Did you know that there are 50-70 million Americans with sleep-related problems?
With such a large population suffering, there are many types of insomnia out there. Your experience with the condition might be unique, even if it seems like you fall into the most common categories.
But how do you treat different types of insomnia, and what can you do to find relief? Let’s take a look.
Acute Insomnia
Acute Insomnia is an intense, short-term condition that can last from a few days to a few weeks. Those with acute insomnia usually have difficulty falling asleep or staying asleep throughout the night, resulting in daytime fatigue and disruption of normal activities. In most cases, this type of insomnia is a stressful event such as a sudden loss or change in job or a traumatic experience.
The best way to treat acute insomnia is through lifestyle changes and relaxation techniques such as avoiding alcohol and caffeine, exercising, and setting a consistent sleep schedule. If lifestyle changes fail to provide relief, it’s important to consult a physician or a mental health provider to determine the best course of treatment.
Chronic Insomnia
Chronic insomnia is a debilitating condition that affects how a person functions on a day-to-day basis. It is divided into two types: primary insomnia and secondary insomnia. Primary insomnia is an independent sleep disorder caused by an individual’s lifestyle, while secondary insomnia is a symptom of an underlying medical issue or other condition.

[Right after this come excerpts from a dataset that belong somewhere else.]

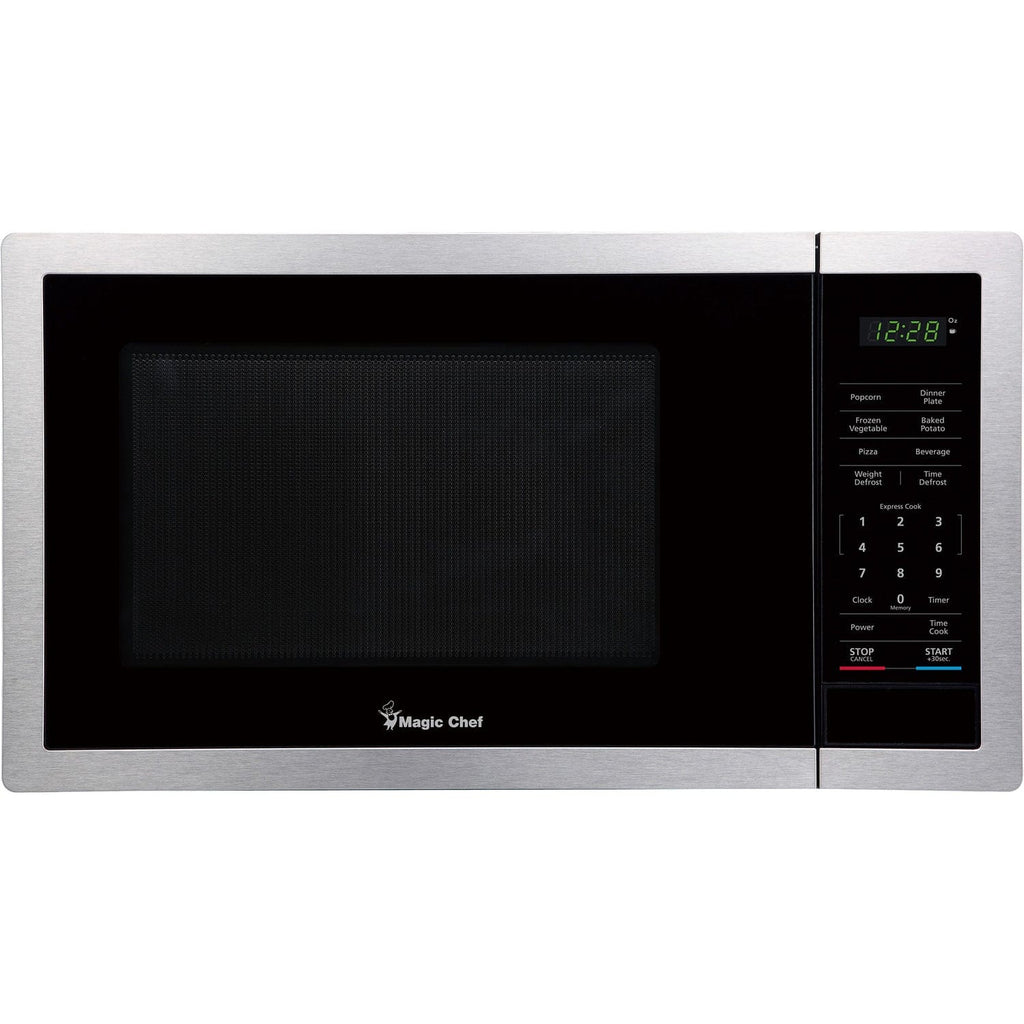 The Silver Magic Chef 0.9 Cu. Ft. Countertop Microwave is designed to perform all your heating and cooking needs in 1 compact piece of equipment that will fit into any kitchen, dorm room, or office environment. This device has 11 power levels to accommodate different heating needs. The digital display is easy to read and the handy kitchen timer is a must-have for any cook in the kitchen. It features user-friendly controls, including express-cook buttons and auto defrost options for weight and time. There are 6 auto cook menus for commonly microwaved items and include popcorn, dinner plate, pizza, baked potato, beverage, and frozen vegetables. This Magic Chef microwave is also designed to have an "add 30 seconds" button. As a safety measure, it has a child safety lock to avoid unintended use of the microwave. This microwave comes with a 1-year parts and labor warranty and a 5-year compressor part warranty.
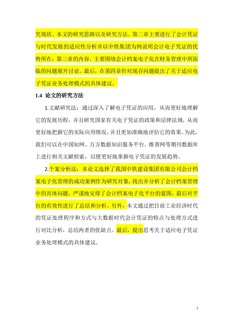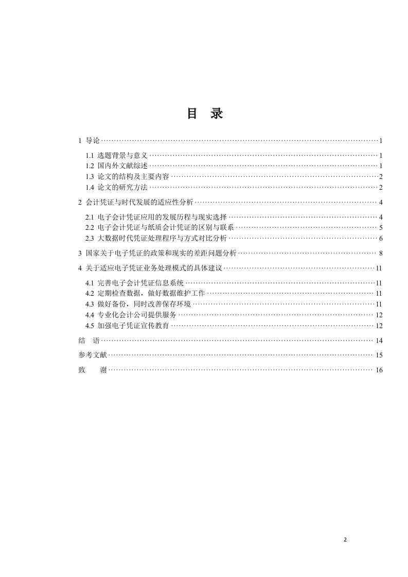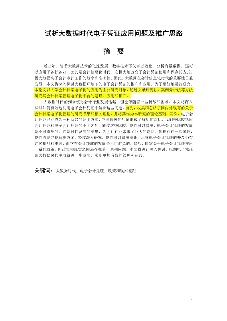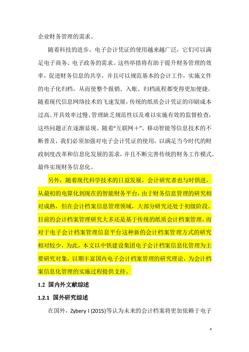 试析大数据时代电子凭证应用问题及推广思路摘要近些年,随着大数据技术的飞速发展,数字技术不仅可以收集、分析海量数据,还可以应用于各行各业,尤其是会计信息化时代,它极大地改变了会计凭证使用和保存的方式,极大地提高了会计审计工作的效率和准确性。因此,大数据在会计信息化时代的重要性日益凸显,本文将深入探讨大数据环境下的电子会计凭证的推广和应用。为了更好地进行研究,本论文以大学会计档案电子化的应用为主要研究对象,通过文献研究法、案例分析法等方法研究其会计档案管理电子化平台的建设、应用和推广。大数据时代的到来使得会计行业发展迅猛,但也伴随着一些挑战和困难。本文将深入探讨如何有效地利用电子会计凭证来解决这些问题。首先,收集和总结了国内外现有的关于会计档案电子化管理的研究成果和相关理论,并将其作为本研究的理论基础。其次,电子会计凭证己经成为一种新兴的证明方式,它与传统的凭证形成了鲜明的对比。我们来比较纸质会计凭证和电子会计凭证的不同之处。通过这些比较,我们可以看出,电子会计凭证的发展是不可避免的。它是时代发展的结果,为会计行业带来了巨大的帮助。但也存在一些障碍,我们需要寻找解决方案。经过深入研究,我们可以得出结论:尽管电子会计凭证的普及仍有许多挑战和难题,但它在会计领域的发展是不可避免的。最后,国家关于电子会计凭证推出一系列政策,但政策和现实之间还存在着一系列问题,本文将进行深入探讨,以期电子凭证在大数据时代中取得进一步发展,实现更加有效的管理和运营。关键词:大数据时代:电子会计凭证:政策和现实差距y目录1导论……11.1选题背景与意义…112国内外文献综述…113论文的结构及主要内容…21.4论文的研究方法…22会计凭证与时代发展的适应性分析…21电子会计凭证应用的发展历程与现实选择…42.2电子会计凭证与纸质会计凭证的区别与联系523大数据时代凭证处理程序与方式对比分析…63国家关于电子凭证的政策和现实的差距问题分析…84关于适应电子凭证业务处理模式的具体建议…114.1完善电子会计凭证信息系统…1142定期检查数据,做好数据维护工作…1143做好备份,同时改善保存环境……1l4.4专业化会计公司提供服务…124.5加强电子凭证宣传教育…12结语…14参考文献15致谢…161导论1.1选题背景与意义1.1.1研究背景近年来,财政部积极推进会计档案电子化管理,为此,多家央企纷纷采取行动,实施原始凭证电子化改革,以期实现无纸化办公,提升企业管理水平。随着新形势的到来,原始凭证电子化已经成为会计档案保存和管理的必要手段,它不仅是会计档案电子化的基础,而且也是实现信息化管理的重要手段。2021年2月,多个政府部门联合发文推进增值税电子发票电子缴款入账试点工作,电子发票技术的推进为无纸化记账带来了良好的硬条件,而电子档案的落地也为整个发票流转过程的数字化铺平了道路,在国家财税一系列隐性政策出台的背后,充分实现数字化的巨大决心,电子档案已经成为一种趋势。1.1.2选题意义“互联网十电子政务”的出台为企业提供了全新的商业模式,使得中国的大型企业能够更好地运用EP系统,从而更有效地控制财务状况,提升业务效率。通过全面的采购、仓储管理、生产加工、销售、客户满意度和财务管控,建立起一个完善的企业运作流程。ERP系统是账务处理过程中的核心工具,能够充分展示账务信息。通过将原始凭证信息转换为电子格式,并将其上传至EP财务系统,可以有效地改进和完善企业的财务状况,从而提升企业的经营效率,满足未来企业财务管理的需求。随着科技的进步,电子会计凭证的使用越来越广泛,它们可以满足电子商务、电子政务的需求。这些举措将有助于提升财务管理的效率,促进财务信息的共享,并且可以规范基本的会计工作,实施文件的电子化归档,从而使整个报销、入账、归档流程都变得更加便捷。随着现代信息网络技术的飞速发展,传统的纸质会计凭证的印刷成本过高、开具效率过慢、管理缺乏规范性以及难以实施有效的监督检查,这些问题正在逐渐显现。随着“互联网十”、移动智能等信息技术的不断普及,我们必须加强对电子会计凭证的使用,以满足当今时代的财政制度改革和信息化发展的需求,并且不断完善传统的财务工作模式,最终实现财务信息化。另外,随着现代科学技术的日益发展,会计研究者也与时俱进,从最初的电算化到现在的智能财务平台,由于财务信息管理的研究相对成熟,但在会计档案信息管理领域,大部分研究还处于初级阶段。目前的会计档案管理研究大多还是基于传统的纸质会计档案管理,而对于电子会计档案管理信息平台这种新的会计档案管理方式的研究相对较少,为此,本文以中铁建设集团电子会计档案信息化管理为主要研究对象,以期丰富国内电子会计档案管理的研究理论,为会计档案信息化管理的实施过程提供支持。1.2国内外文献综述1.2.1国外研究综述在国外,Zybery1(2015)等认为未来的会计档案将更加依赖于电子
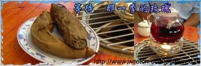 這裡的茶點並不多(請參考店家網頁),最後點了一壺花茶及兩條烤蕃薯來吃。
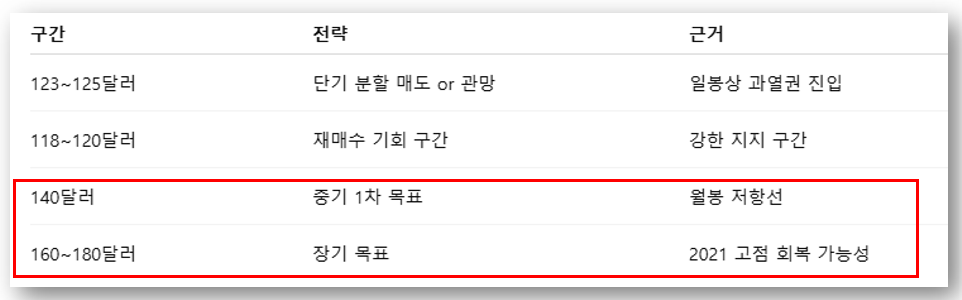 - 눌림 시 118~120달러 지지 여부 확인 필요
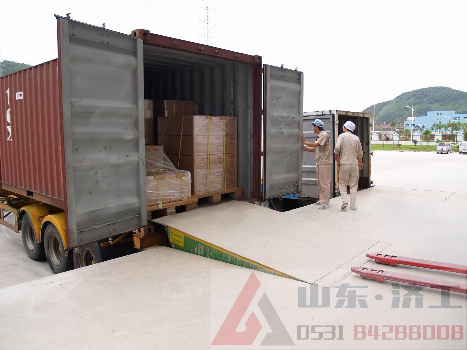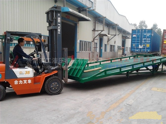 移動式液壓登車橋是與叉車配合使用的貨物裝卸輔助設備,可根據汽車車廂的高低調節高度,叉車可以直接通過本設備駛入車廂內部進行貨物的批量裝卸,僅需單人作業,即可實現貨物的裝卸。它使企業減少大量勞力,提高工作效率,獲取大經濟效益
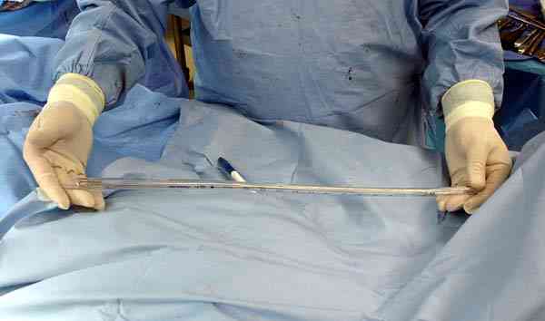 После определения длины канала берется 3мм длинная проволока, обычно "long guided wire" от интрамедуллярного набора, концы загибаются, ее
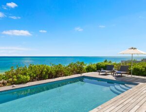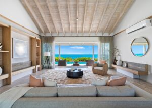 The Ocean View Suite boasts a bedroom, kitchenette, bathroom, and a spacious terrace with stunning ocean views. The bedroom, offering direct ocean views, features a king bed and large sliding glass doors that open out onto the terrace. The bathroom is equipped with a large soaking tub, an oversized walk-in shower, a water closet, and a double vanity. Positioned on a ridgetop above the Beachfront Villas, homeowners enjoy expansive views of the Atlantic Ocean or Caicos Bank. Centrally located close to Sailrock Resort’s amenities and the Great House Restaurant + Bar, this suite offers a prime opportunity for island investment.
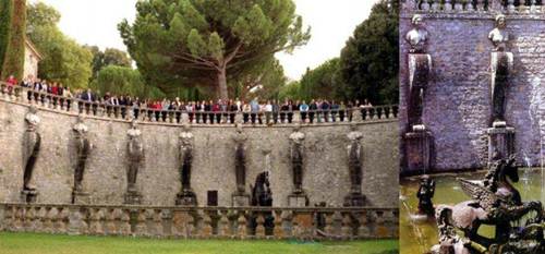 噴泉:蒙塔爾托主教入主別墅時期,他按照當年維尼奧拉的整體設計,繼續(xù)建造花園的中央噴泉--意大利風格主義雕塑家詹博洛尼亞(1529-1608)設計建造的"摩爾噴泉":4個石欄圍繞的水池,石欄上矗立著石雕花瓶,4個水池中央便是一組高聳的年輕運動員的輝煌雕塑,他們高高舉起象征著蒙塔爾托主教家族姓氏的"阿爾托山"。從遠處看去,這些有力的塑像十分宏大,黑黝黝地閃耀,以至于人們會認為它們是青銅,可是難以置信的是,它們是最好的、最堅硬的石灰華在陽光與水的作用下生成的一種堅硬如鐵的物質。后來意大利新古典主義雕塑大師卡諾瓦來到這里時,大為驚訝,他一邊拿起錘子輕輕敲打著它,一邊發(fā)出如此的感嘆:"它將比大理石更長久"。
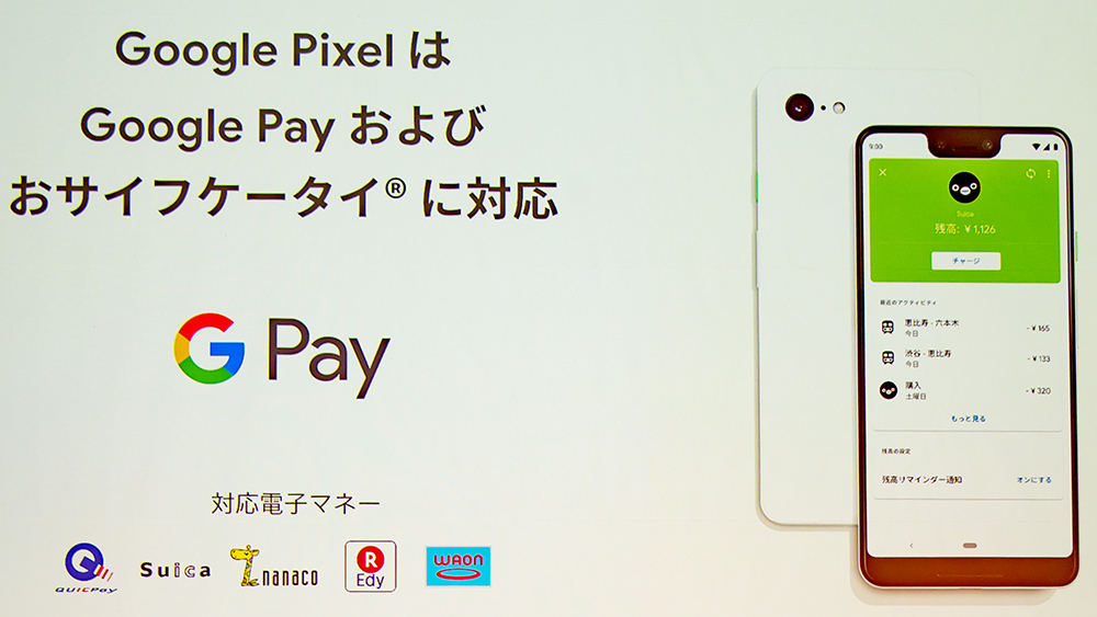最後に日本向けの機能として「おサイフケータイ(FeliCa)」にも対応することが説明された。日本向けのPixel 3およびPixel 3 XLには「おサイフケータイ」アプリがプリインストールされているので、Suicaや楽天Edyなどを登録、もしくは移行して利用可能だ。また、Googleの電子決済サービス「Google Pay」にも対応する。
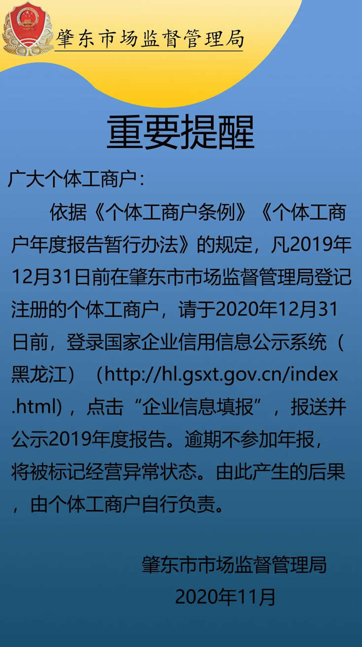 未參加年報(bào),有哪些嚴(yán)重后果?請(qǐng)看肇東市市場(chǎng)監(jiān)督管理局的重要提示:
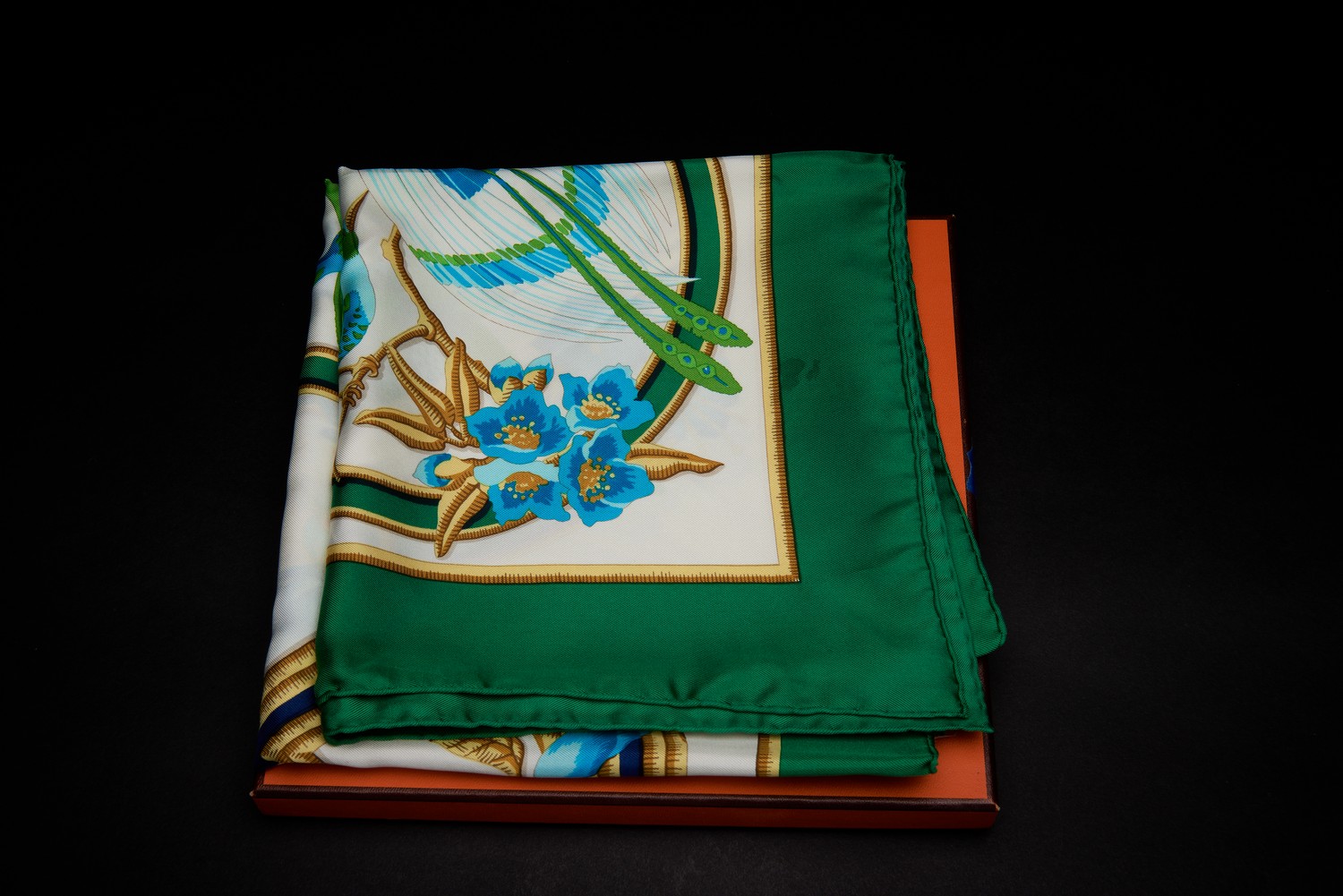 The 'Caraibes' design by Christine Vauzelles on green and white background, 90cm square, boxed.
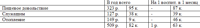 В 1905 г. на тот же предмет израсходовано 81 р. 44 к. На одного воспитанника приходится 81 р. 44 к. : 11 = 7 р. 40 к. в год.

Medication may be prescribed if lifestyle changes do not yield positive results. Talking to a doctor will help an individual target the underlying issues and choose the best treatments for their chronic insomnia.
Onset Insomnia
This type of insomnia is often due to psychological issues such as stress, anxiety, or depression. To treat the onset of insomnia, various methods such as relaxation techniques, cognitive behavioral therapy, exposure therapy, and medications.
Relaxation techniques involve doing calming activities such as deep breathing and meditation. Cognitive behavioral therapy involves changing thought patterns and behaviors that are causing insomnia. Exposure therapy is a way for people to learn how to tolerate unpleasant thoughts and emotions that may be causing sleeplessness.
Microdosing Melatonin Treatments in Treating Insomnia
Melatonin is a hormone naturally produced in our bodies, and it helps control our sleep cycles. Treatments using microdoses of melatonin can help improve the quality of one’s sleep cycle and provide relief from sleepless nights. It also helps the body produce its own melatonin, which can help prevent insomnia.
Microdosing melatonin has been found to be a beneficial treatment for all types of insomnia. Microdosing involves taking small doses of melatonin every 3-4 hours, depending on the severity of insomnia. Take your sleep health into your own hands today and start experiencing the benefits of microdosing melatonin.
Learning The Types Of Insomnia That You Have Facing
Insomnia can be hard to treat, so it’s important to find the right option that works for you. Talk to your doctor about the different types of insomnia, how to identify them, and how to treat them for lasting relief. Reach out for help today to start your journey to good sleep!